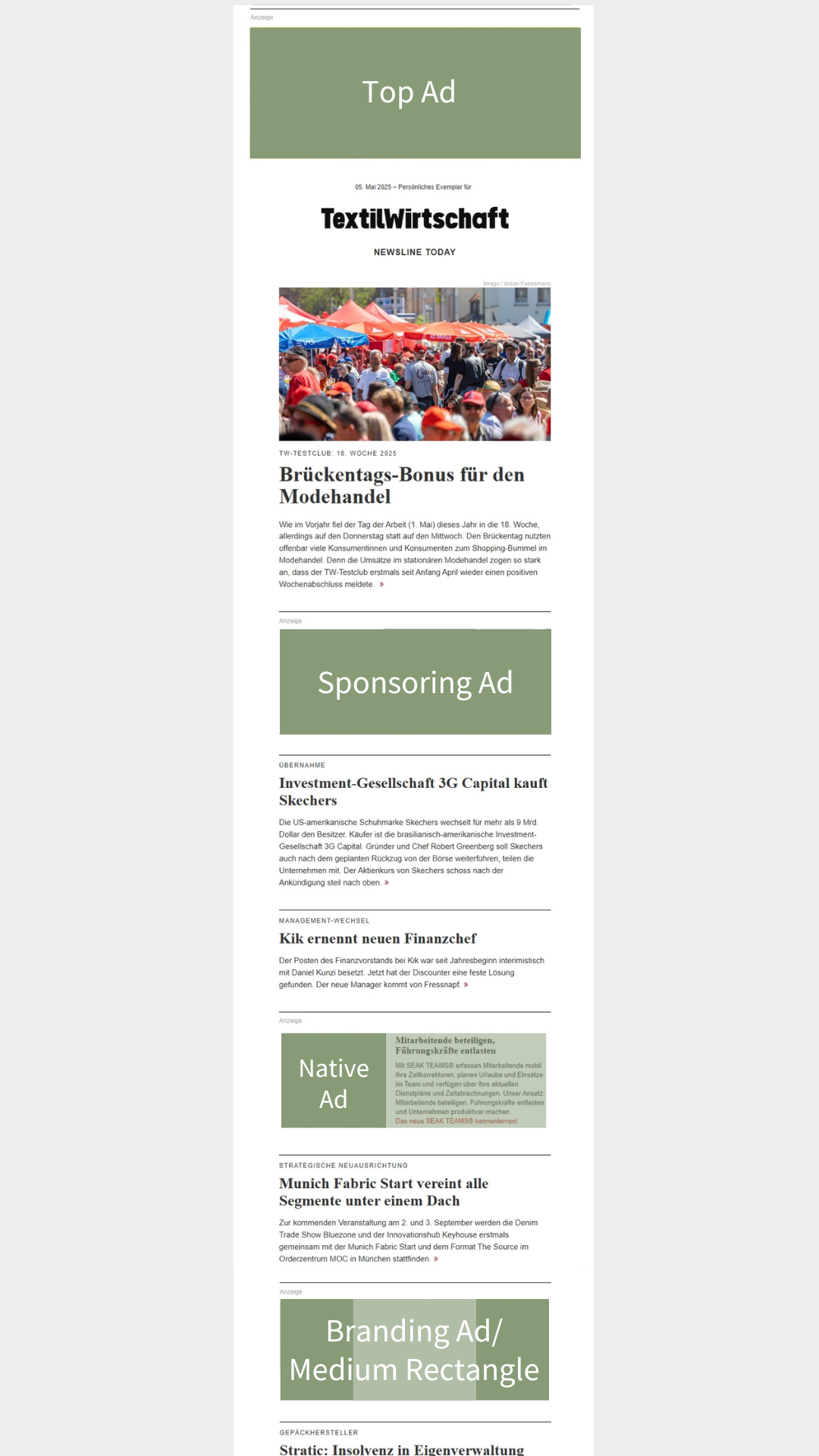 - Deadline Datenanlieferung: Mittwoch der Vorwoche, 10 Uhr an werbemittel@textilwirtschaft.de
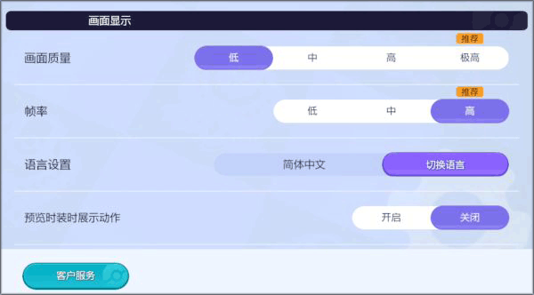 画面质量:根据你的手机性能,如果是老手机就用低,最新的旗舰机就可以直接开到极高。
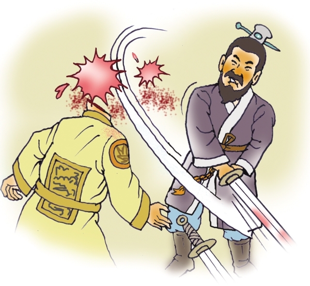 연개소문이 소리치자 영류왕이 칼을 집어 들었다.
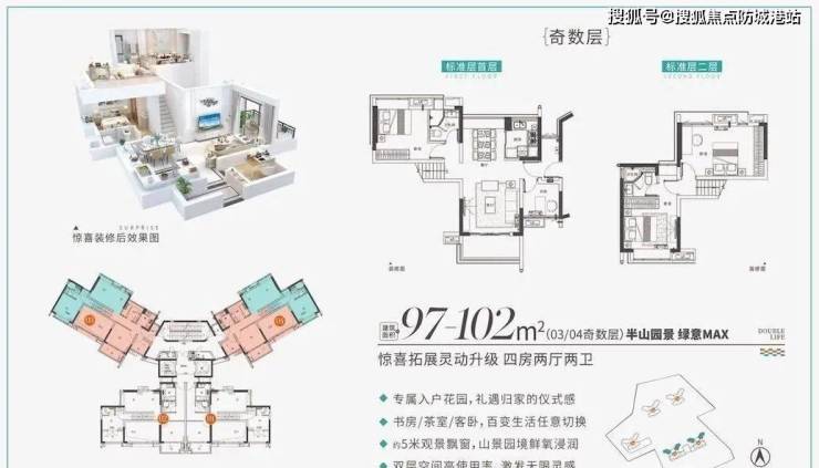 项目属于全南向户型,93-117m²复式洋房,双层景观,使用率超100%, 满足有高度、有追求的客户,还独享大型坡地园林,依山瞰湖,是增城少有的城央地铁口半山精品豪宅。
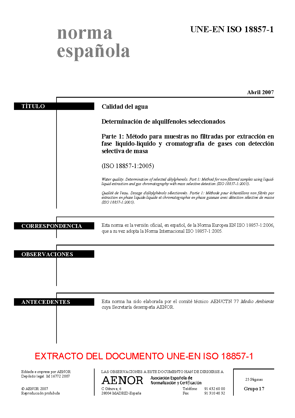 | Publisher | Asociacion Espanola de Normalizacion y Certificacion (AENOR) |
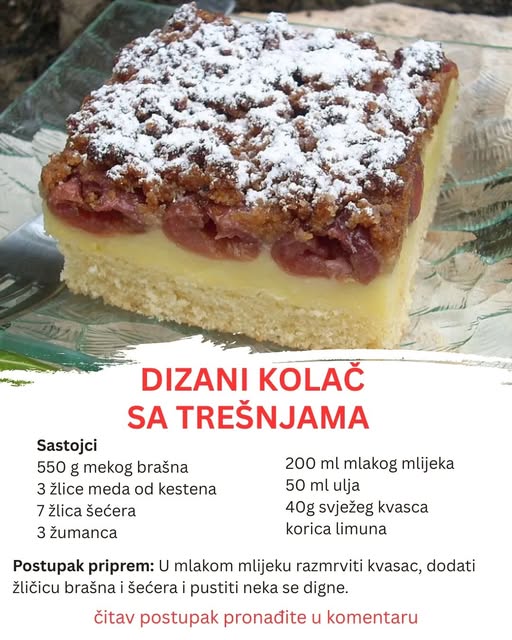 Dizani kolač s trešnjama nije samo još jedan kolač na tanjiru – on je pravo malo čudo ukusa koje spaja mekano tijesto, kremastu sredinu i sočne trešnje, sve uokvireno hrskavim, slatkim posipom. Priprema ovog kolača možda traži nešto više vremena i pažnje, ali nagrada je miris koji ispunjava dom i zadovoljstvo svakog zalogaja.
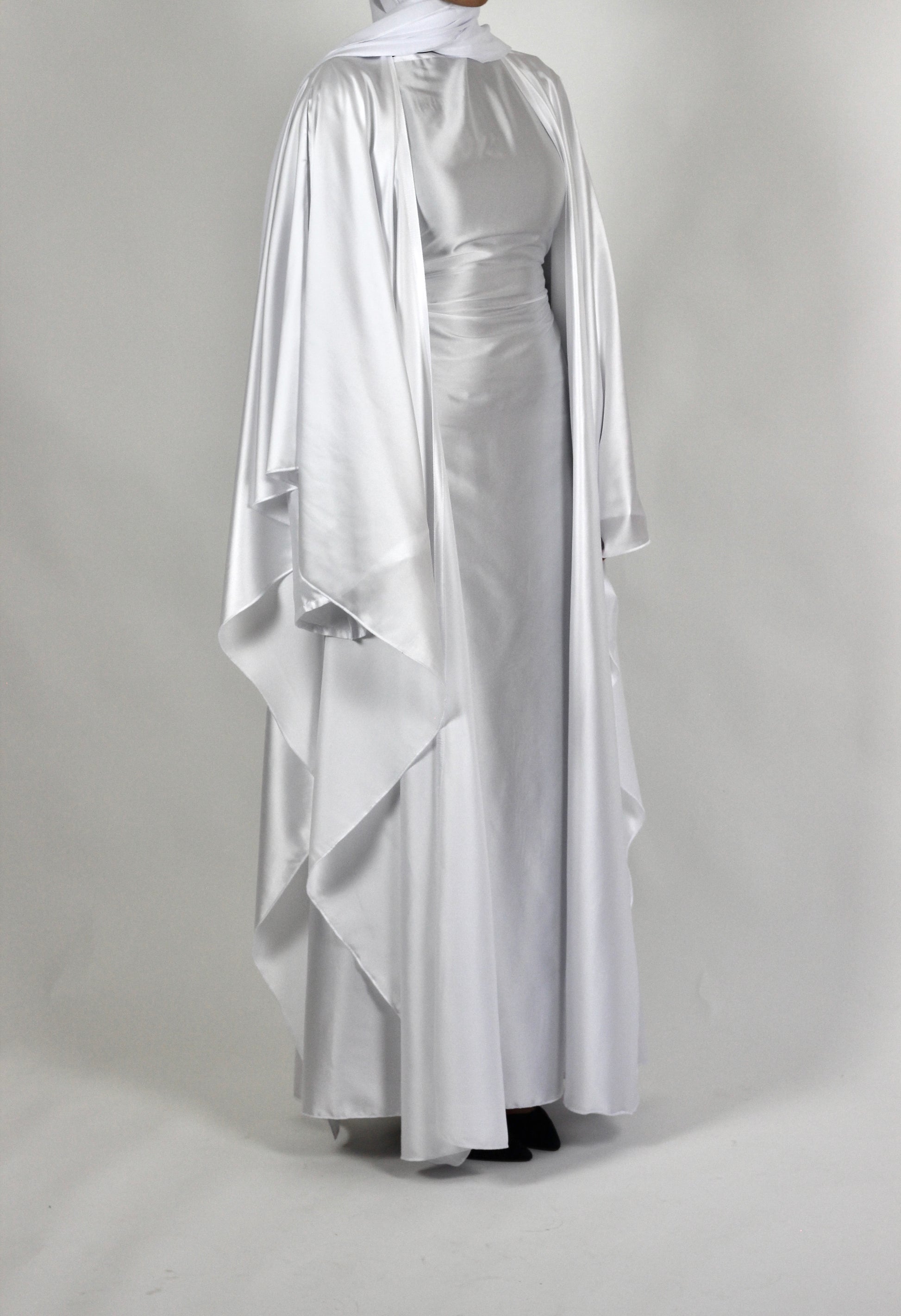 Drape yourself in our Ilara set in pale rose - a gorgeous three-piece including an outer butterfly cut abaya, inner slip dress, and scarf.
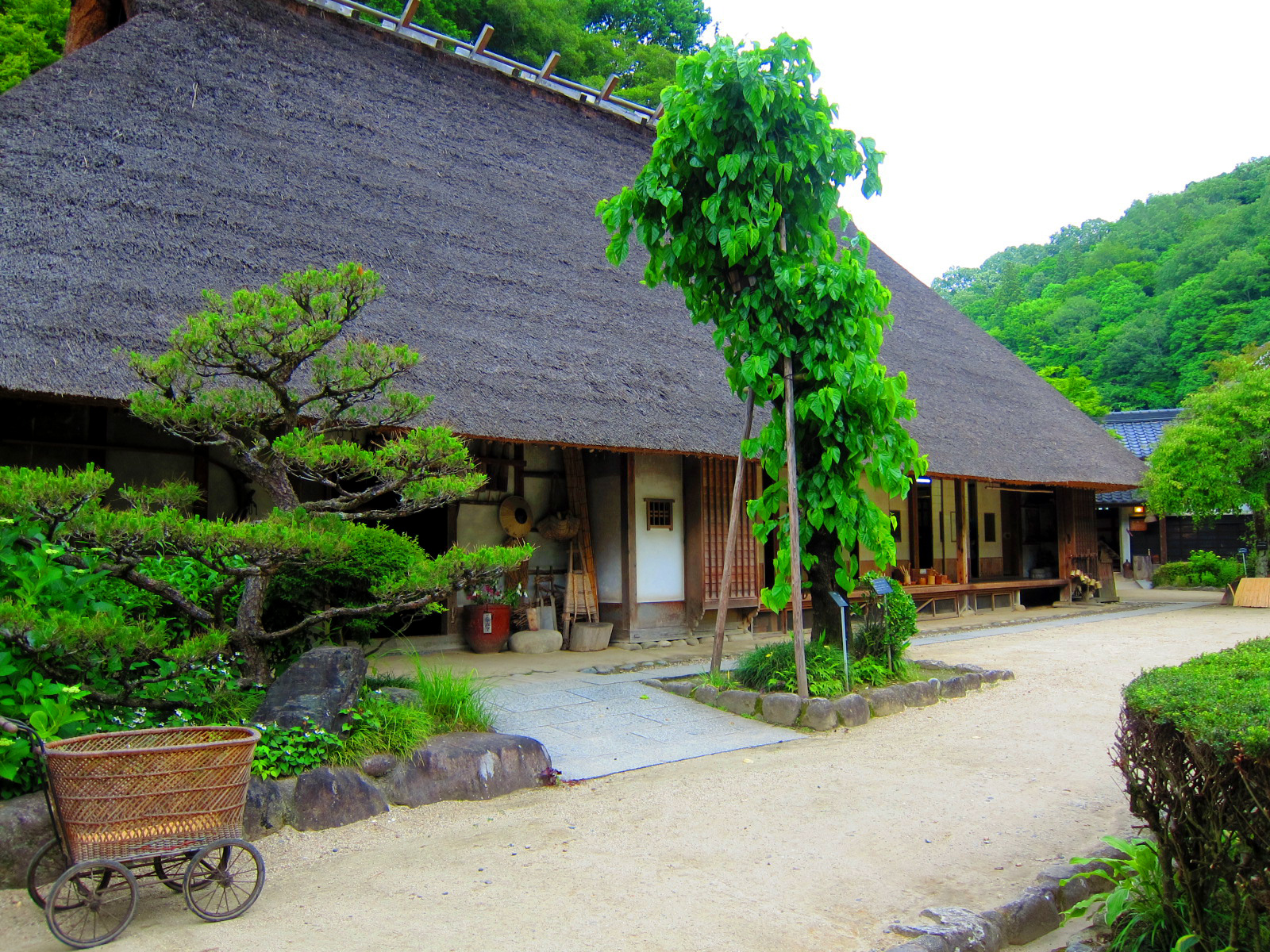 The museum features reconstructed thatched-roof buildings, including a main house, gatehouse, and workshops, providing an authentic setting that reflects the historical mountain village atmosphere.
----
### Brief
Give back the material above word for word; no picture belongs in it.

### Solution to the problem
 - Deadline Datenanlieferung: Mittwoch der Vorwoche, 10 Uhr an werbemittel@textilwirtschaft.de
 画面质量:根据你的手机性能,如果是老手机就用低,最新的旗舰机就可以直接开到极高。
 연개소문이 소리치자 영류왕이 칼을 집어 들었다.
 项目属于全南向户型,93-117m²复式洋房,双层景观,使用率超100%, 满足有高度、有追求的客户,还独享大型坡地园林,依山瞰湖,是增城少有的城央地铁口半山精品豪宅。
 | Publisher | Asociacion Espanola de Normalizacion y Certificacion (AENOR) |
 Dizani kolač s trešnjama nije samo još jedan kolač na tanjiru – on je pravo malo čudo ukusa koje spaja mekano tijesto, kremastu sredinu i sočne trešnje, sve uokvireno hrskavim, slatkim posipom. Priprema ovog kolača možda traži nešto više vremena i pažnje, ali nagrada je miris koji ispunjava dom i zadovoljstvo svakog zalogaja.
 Drape yourself in our Ilara set in pale rose - a gorgeous three-piece including an outer butterfly cut abaya, inner slip dress, and scarf.
 The museum features reconstructed thatched-roof buildings, including a main house, gatehouse, and workshops, providing an authentic setting that reflects the historical mountain village atmosphere.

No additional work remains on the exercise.